■ **What the task asks**: For this exercise, reproduce the records exactly as they stand and do not carry any images over.

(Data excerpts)
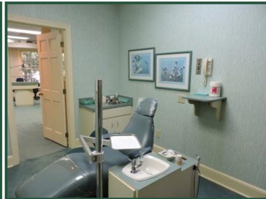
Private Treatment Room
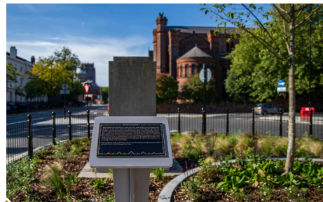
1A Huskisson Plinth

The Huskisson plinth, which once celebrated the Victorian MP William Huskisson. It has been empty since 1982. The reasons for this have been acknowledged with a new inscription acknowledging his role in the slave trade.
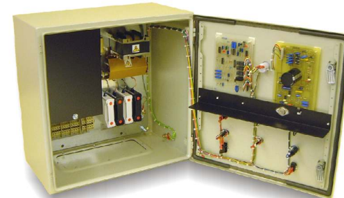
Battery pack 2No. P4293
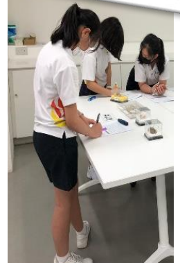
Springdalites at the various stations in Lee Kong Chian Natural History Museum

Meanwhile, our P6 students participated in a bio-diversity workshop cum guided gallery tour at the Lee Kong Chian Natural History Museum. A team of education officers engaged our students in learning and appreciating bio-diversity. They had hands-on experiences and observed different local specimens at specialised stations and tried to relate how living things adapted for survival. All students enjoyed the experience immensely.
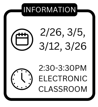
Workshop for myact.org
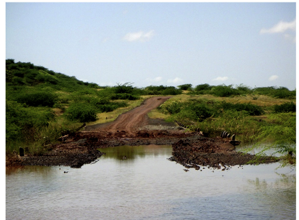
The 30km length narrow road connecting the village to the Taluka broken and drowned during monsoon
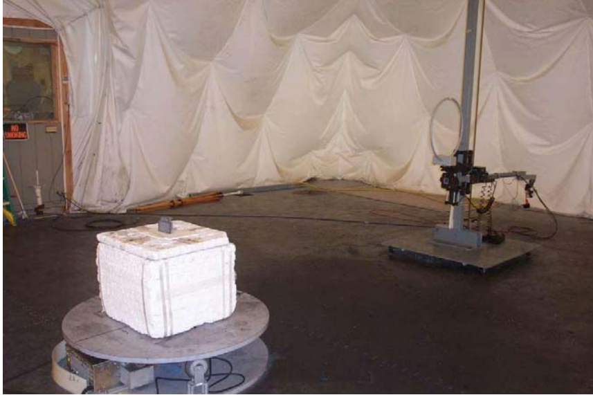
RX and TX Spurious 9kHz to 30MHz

■ **Answer below**:
Private Treatment Room
1A Huskisson Plinth

The Huskisson plinth, which once celebrated the Victorian MP William Huskisson. It has been empty since 1982. The reasons for this have been acknowledged with a new inscription acknowledging his role in the slave trade.
Battery pack 2No. P4293
Springdalites at the various stations in Lee Kong Chian Natural History Museum

Meanwhile, our P6 students participated in a bio-diversity workshop cum guided gallery tour at the Lee Kong Chian Natural History Museum. A team of education officers engaged our students in learning and appreciating bio-diversity. They had hands-on experiences and observed different local specimens at specialised stations and tried to relate how living things adapted for survival. All students enjoyed the experience immensely.
Workshop for myact.org
The 30km length narrow road connecting the village to the Taluka broken and drowned during monsoon
RX and TX Spurious 9kHz to 30MHz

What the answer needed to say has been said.